Он качнул головой налево, потом направо.
Ее руки сжали его плечи, вызвав смешанное ощущение боли и удовольствия — ощущения, похожего на саму жизнь.
— Так скажи же мне, муж, — скомандовала она, затем склонилась к самому его лицу, — скажи мне, что ты будешь делать с нами. Куда мы пойдем?
Он выдохнул. Затем набрал воздух полной грудью. И произнес только одно слово:
— Вверх.
Вверх. К смертельному небу. В венерианский ад. Да будет так. Другого выбора у них не оставалось.
— Если мы поднимемся на поверхность, я смогу починить подшипник изнутри, не опасаясь, что сюда хлынет вода. А если потребуется работать снаружи, я могу сделать это, надев шлем и комбинезон. Надеюсь, они смогут сдержать яд достаточно долго.
Петри вздрогнула.
— Будем надеяться, что в этом не будет необходимости.
— Да. Но в то же время снаружи я мог бы поправить балластные камни. Я… просто не вижу иного пути.
Петри сидела напротив Ионы на ящике, обдумывая его слова.
— Разве не путь наверх уничтожил «Гордость» и Ленинджер?
— Верно… но их подъем был неконтролируемый. Быстрый и хаотичный.
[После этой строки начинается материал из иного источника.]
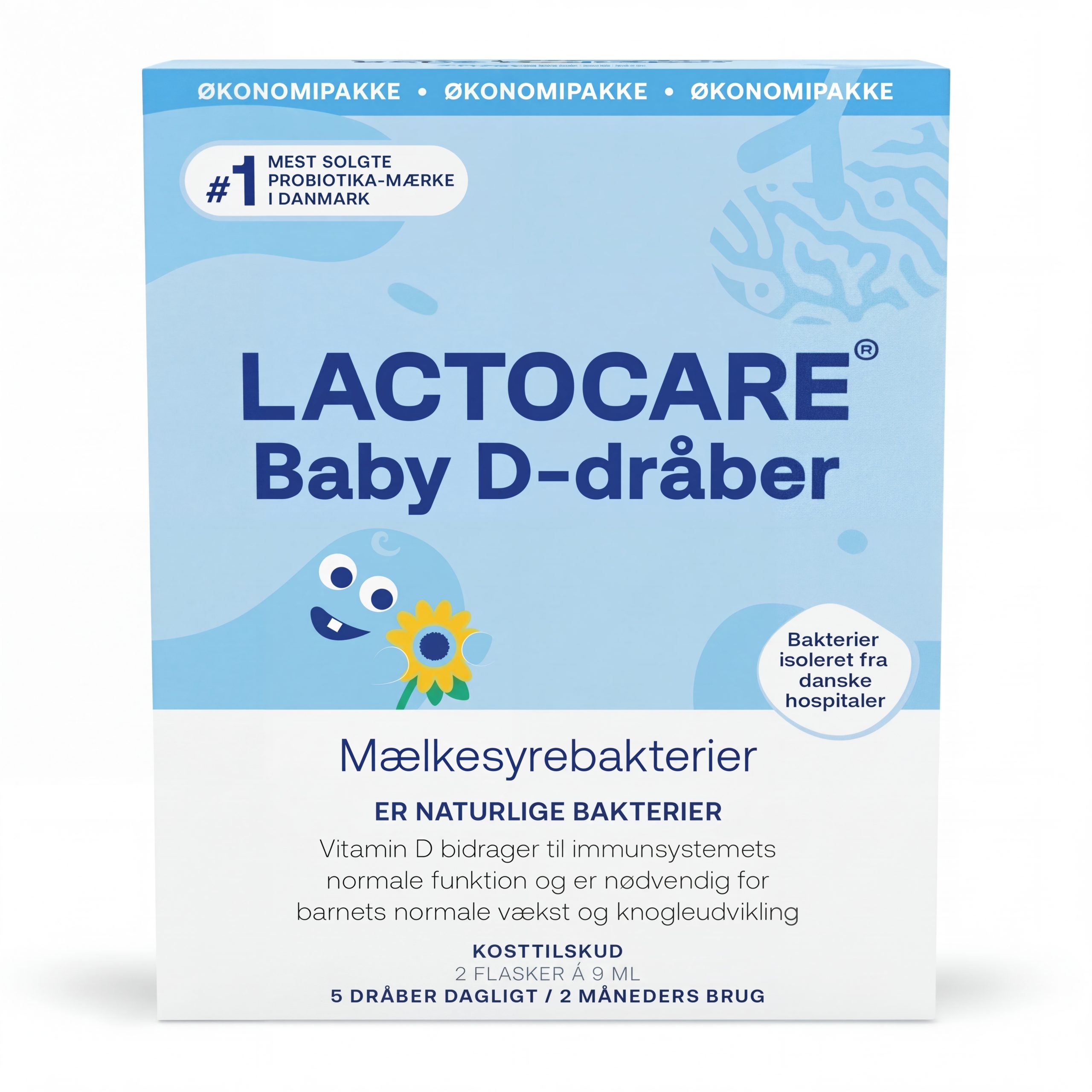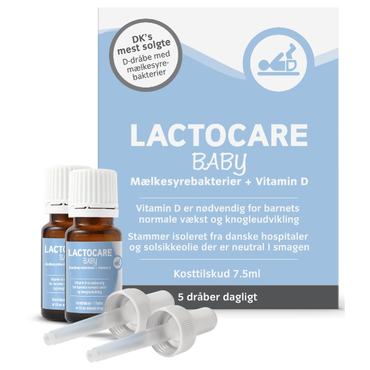Lactocare BABY er et 2-i-1 kosttilskud, der indholder et dagligt tilskud af 250 millioner levende mælkesyrebakterier samt 10 µg D-vitamin.

Мы будем подниматься медленно, уменьшая давление воздуха в том же темпе, как снижается давление воды. В любом случае мы должны подниматься постепенно, иначе газ в нашей крови убьет нас. Медленно и нежно. Это единственный способ.
Она улыбнулась.
— Так обычно говорят девственницы.
Иона почувствовал, что краснеет, и был рад, когда Петри снова стала серьезна.
— Пока мы будем подниматься, не возникнет ли у нас еще одна проблема? Не израсходуем ли мы весь воздух?
Он кивнул.
— Деятельность внутри подлодки должна быть сведена к минимуму. Спертый воздух мы будем сжимать в баллоны, меняя его на свежий. Кроме того, у меня есть фильтр.
— Откуда? Разве… они же очень дорогие.
— Этот я сделал сам. Паналина показала мне, как использовать кристаллы пиньона и электрический ток, чтобы расщеплять воду на кислород и водород. Мы поставим кого-то из пассажиров по очереди крутить генератор. Но это слабенькое устройство. Оно не может производить достаточное количество кислорода.
— Это не повод от него отказываться, — ответила Петри решительным бабушкиным тоном. — Командуй, парень.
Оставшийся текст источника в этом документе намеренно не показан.